The cost of HEWs, part of the health service, included the time spent for treatment supervision in the kebele, travel time and expenditures associated with visits to the health facilities to collect drugs. The time costs were converted to a monetary value based on the monthly income of HEWs in US dollars. The cost of training and supervision was also included.

Patient costs.

Patient costs include the costs related to the TB patient and their caregiver. The costs were estimated for the smear-positive patients and their caregivers using a structured questionnaire. TB patients and the caregivers were asked about the travel time and expenses associated with visits to HEWs in the health post to take drugs. This included transport, food and other costs. The cost data was collected for all caregivers who accompanied the patients to health centres and health posts. Travel time was estimated from the patient's home to the health post in the kebele.
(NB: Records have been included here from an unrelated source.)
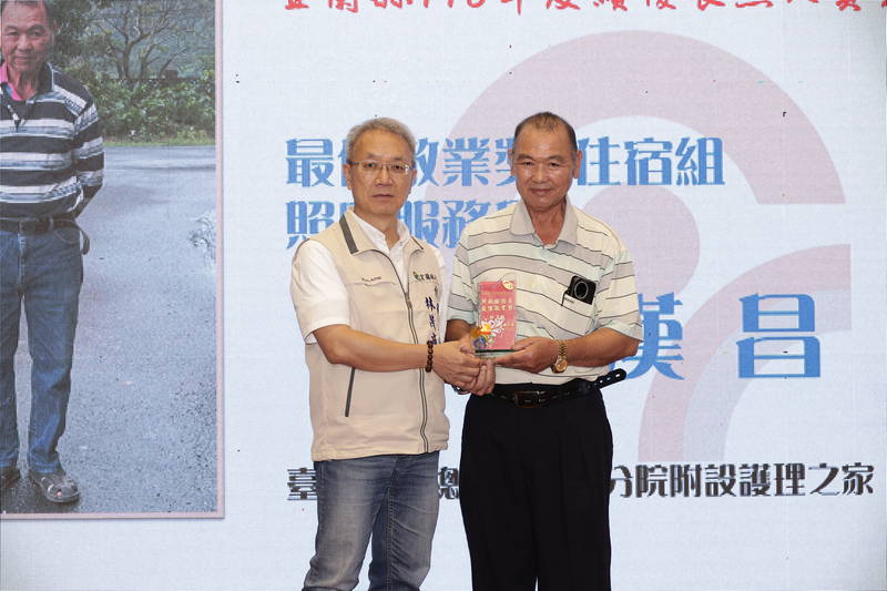 ※少數投入長照服務10年的男性照顧服務員賴漢昌接受縣長表揚並合影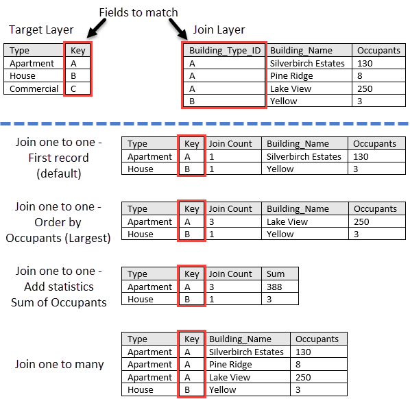 An example of one to one and one to many attribute joins. In this example the one to one joins include the default record, the sum of Occupants, and the maximum from Occupants.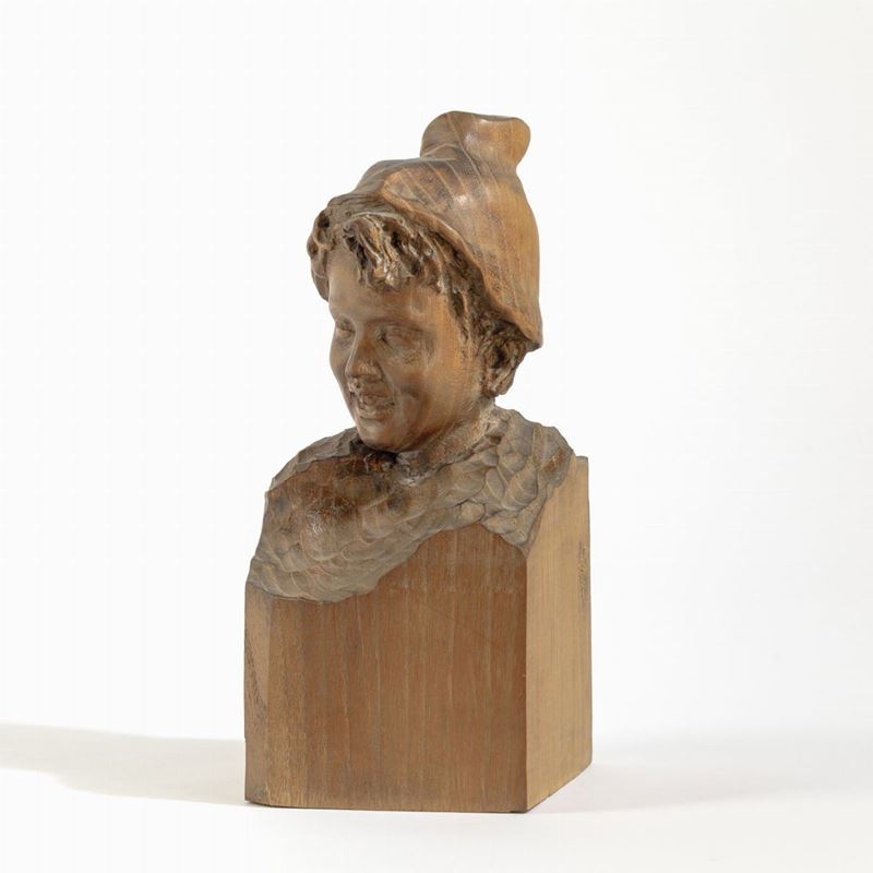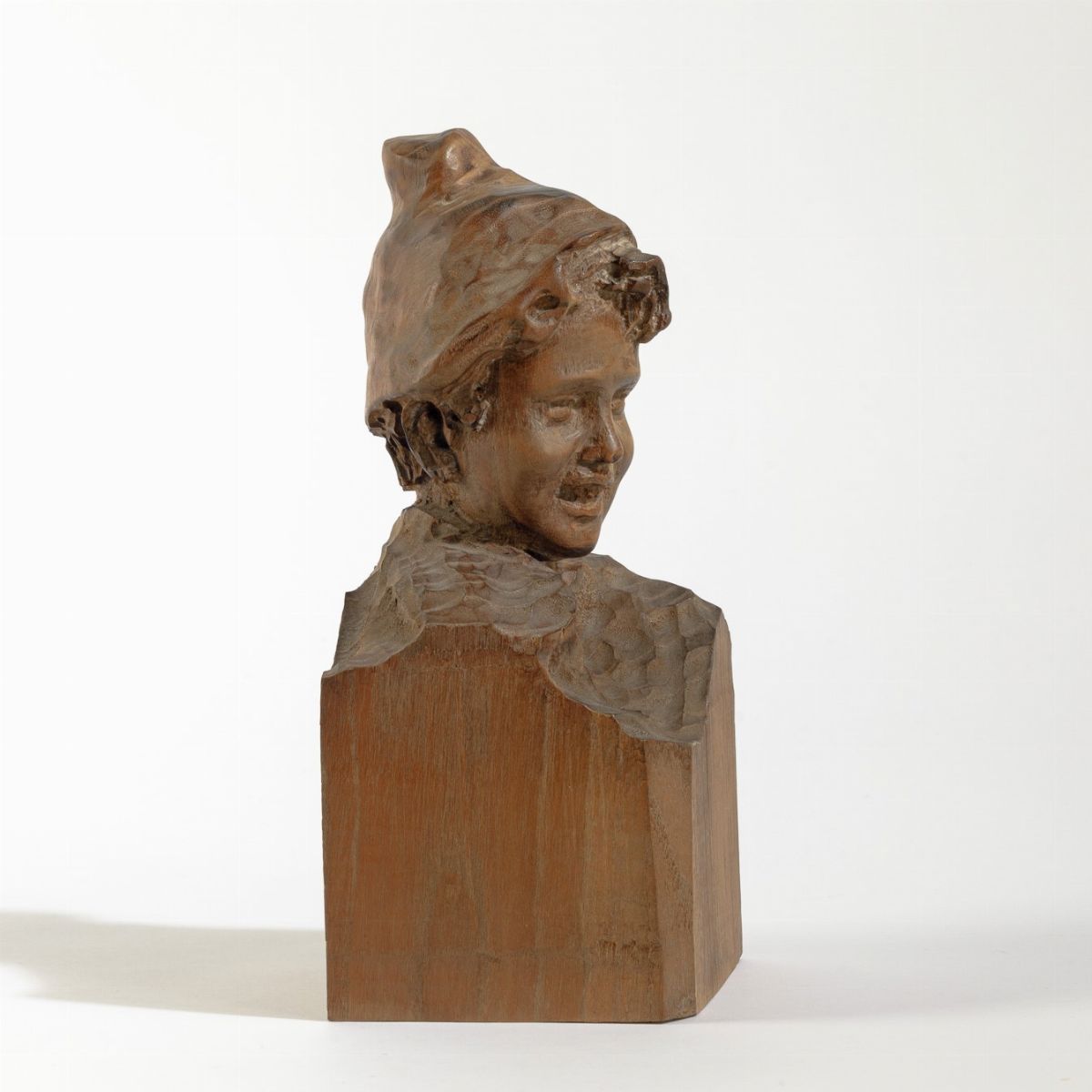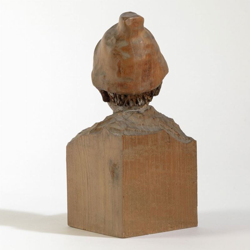 Testa di giovinetto con cappello scolpita entro blocco di legno a sezione quadrata.

The time costs were converted to a monetary value based on unskilled wage rates [18] which was US$1.39 per day (US$0.17 per hour) in the study area.

The cost data was case specific for all study participants and was standard in each arm of the intervention. At least ten visits in the intensive phase and six visits in the continuation phase were used as a standard for smear-positive patients and care givers for both the CDOT and HFDOT.

For each treatment option, average costs were multiplied by the number of times each cost was incurred to calculate the cost per patient successfully treated. For each kebele, we calculated summary values of costs and then used an independent sample t test, weighted by cluster size, to compare the mean costs using kebele as a unit of analysis.

The data sources were budget and expense files of the districts finance and health offices, health facilities, health workers' payroll, drug and supply prices, funds used from research projects (training, supervision and review of activities), TB control programme, bank reports and interview of the study participants.

Effectiveness

The measure of effectiveness was based on sputum smear results at the end of the 2nd, 5th, and 7th months of treatment. Patients with at least two negative smears including the smear at the 7th month were reported as cured. Patients who finished the treatment but did not have the 7th month smear result were reported as treatment completed. We used TSR as a measure of effectiveness, which is a standard indicator used by WHO to measure programme success and which has been adopted by the NTLCP in Ethiopia. TSR was calculated as the sum of the number of TB patients who were cured and the number of TB patients for which treatment was completed divided by the total number of smear-positive cases reported, expressed as a percentage [1], [5]. The effectiveness data was obtained from CRT. Briefly, we calculated the summary values of TSRs for each kebele. Then we used an independent sample t test, weighted by cluster size, to compare the mean TSR using the kebele as a unit of analysis. This is robust for cluster level analysis of binary outcomes [20].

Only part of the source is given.